__WHAT IS REQUIRED__: For this task, output exactly the lines of the material below starting at the line with "Kurs akcji od" and ending at the line with "Sala de reuniões."; pictures are to be excluded.

__RECORDS FOR THIS TASK__:
== Segment start ==

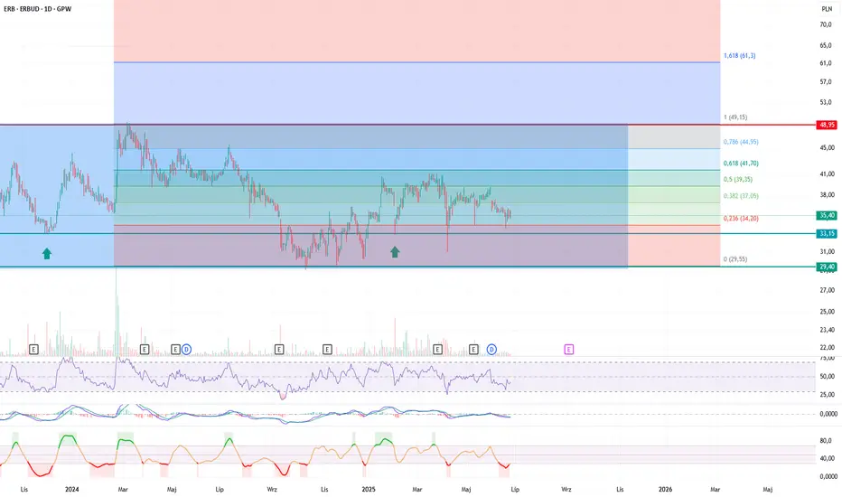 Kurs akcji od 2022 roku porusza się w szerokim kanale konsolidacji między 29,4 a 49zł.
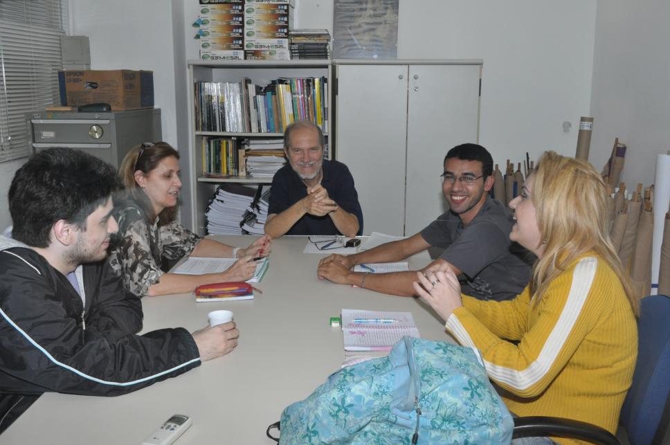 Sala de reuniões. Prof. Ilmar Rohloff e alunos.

== Segment end ==
== Segment start ==

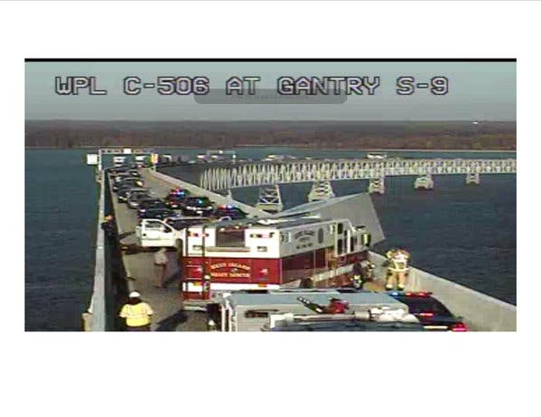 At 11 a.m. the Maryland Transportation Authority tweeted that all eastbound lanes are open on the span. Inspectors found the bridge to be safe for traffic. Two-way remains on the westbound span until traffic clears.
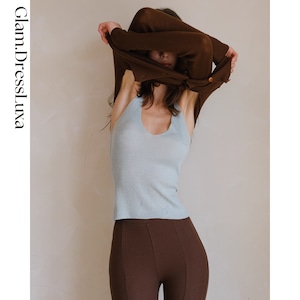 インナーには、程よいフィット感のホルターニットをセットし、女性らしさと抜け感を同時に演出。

== Segment end ==

__RESPONSE TO THE TASK__:
 Kurs akcji od 2022 roku porusza się w szerokim kanale konsolidacji między 29,4 a 49zł.
 Sala de reuniões. Prof. Ilmar Rohloff e alunos.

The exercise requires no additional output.